Souvenons-nous
Le Gendarme de Saint-Tropez, la faible trace narrative
consistait pour Louis de Funès et ses collègues à traquer les
nudistes qui envahissaient les plages de Saint-Tropez. Perdrix
reprend cette idée et ce vocabulaire, des « nudistes
révolutionnaires » occupent une forêt des Vosges
(vocabulaire, on ne dit plus nudiste mais naturiste) et la
gendarmerie locale est chargé d'une histoire de vol de voiture.
L'ouverture
de Perdrix est en forme de coup de poing et rappelle les
meilleurs débuts des meilleurs films de Bertrand Blier. Une voiture
s'arrête sur une aire d'autoroute, sa conductrice Juliette Webb
(Maud Wyler) fait une pause, s'assoit et commence à écrire sur son
cahier. De la forêt sort une femme nue comme un vers. Les deux
femmes s'observent, la « nudiste » entre dans la voiture,
démarre et s'enfuit laissant pantoise.
D'après
ce qu'elle dit, toute la vie de Juliette était dans cette voiture.

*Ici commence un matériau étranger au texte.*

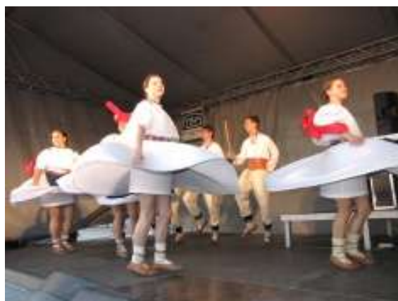
Velikonoční městečko bylo plné zpěvu a tance
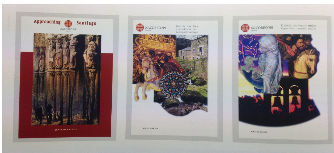
Imagen 3 Muestra de las guías y libros de apoyo del Camino de Santiago, (Xunta de Galicia 1999; 54)

Las acciones de promocionales en el extranjero consistieron en mostrar la figura del Apóstol Santiago, el origen histórico de la tradición Jacobea y la programación del Xacobeo 99. Esto se produjo en las principales convenciones turísticas del mundo. Es de destacar la representación en las principales ferias de turismo del mundo con la presencia de un stand dedicado al Camino de Santiago y al Xacobeo.
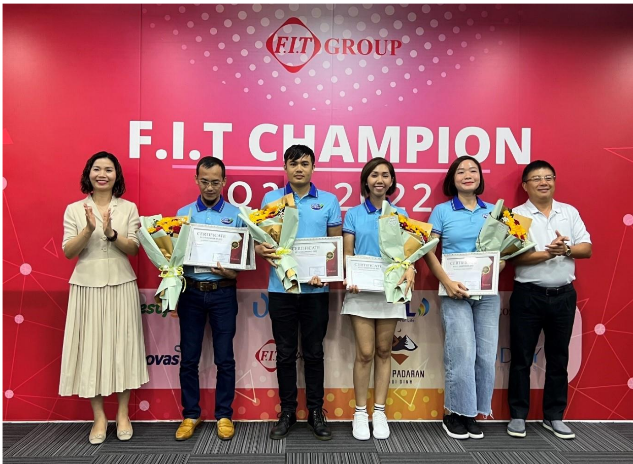
Các cán bộ nhân viên của FIT Cosmetics được trao giải F.I.T Champion tại TP. HCM
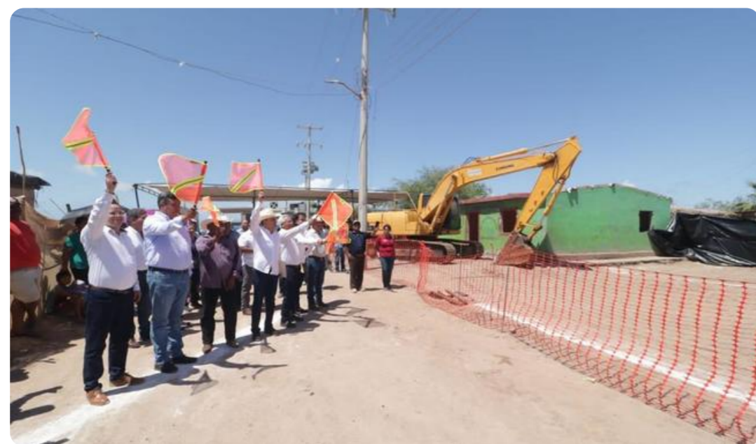
Arranca Segunda Etapa del Proyecto Estratégico para el Desarrollo para la Justicia al Pueblo Yaqui 2023

Comisión Nacional de Acuacultura y Pesca | 08 de agosto de 2023 | Comunicado

Elle le dit au capitaine de gendarmerie, Pierre Perdrix (Swann
Arlaud). Là voici cette gendarmerie de ce village où la frénésie
n'est pas aussi forte qu'à Saint-Tropez, loin de là. La description
des hommes de Perdrix est l'occasion régulière de ralentir le récit
et d'approcher une vision de personnages en marge, l'un rêve d'être
chanteur, un autre d'embrasser le capitaine.
Cette
torpeur au travail n'est pour l'instant troublée par rien, à peine
le gendarme Michel, celui qui veut embrasser son patron parce que son
amoureux l'a quitté, prend la présence d'un tank de la seconde
guerre mondiale pour anecdotique. Il sera enlevé le lendemain,
déclare-t-il. Rien ne se passe dans le village, c'est pour cela que
l'arrivée électrique de Juliette Webb est un événement qui va
tout chambouler.
C'est
le principe du film, un tourbillon vient dépoussiérer Pierre
Perdrix, coincé entre cette gendarmerie sans affaires et une famille
lourde et castratrice. La mère Thérèse (Fanny Ardant), plus
évaporée que jamais croit faire de la radio dans son garage (en
mode Allo Macha), le frère Juju (Nicolas Maury) se prétend
spécialiste des vers de terre, il a une fille qui fait du ping-pong
dans sa chambre (hommage à Wes Anderson).
Ce
sont donc deux mondes qui s'entrechoquent et Erwan Le Duc n'a pas
peur, pour son premier film, de montrer les cinéastes qu'il admire
et qui l'ont inspirés. Le film est une suite de facéties de
Juliette (webb évoque la toile d'araignée) et la fantaisie n'est
jamais loin. Il se permet des accélérations du récit, l'arrivée
d'Atmen Kelif par exemple pour une reconstitution d'une bataille
contre les nazis où Pierre et Juliette s'incrustent.
Chouettes
paysages filmés semble-t-il en 35mm, choix musicaux élégants et
cocasses (une scène de boîte de nuit où tout le monde danse sur
Tchiki Boum du Niagara). C'est moins délirant que La Fille du 14
juillet, encore que l'actrice Maud Wyler est aussi étonnante que
Vimala Pons. Son regard fiévreux face à celui si étrange de Swann
Arlaud est l'un des attraits majeurs du film.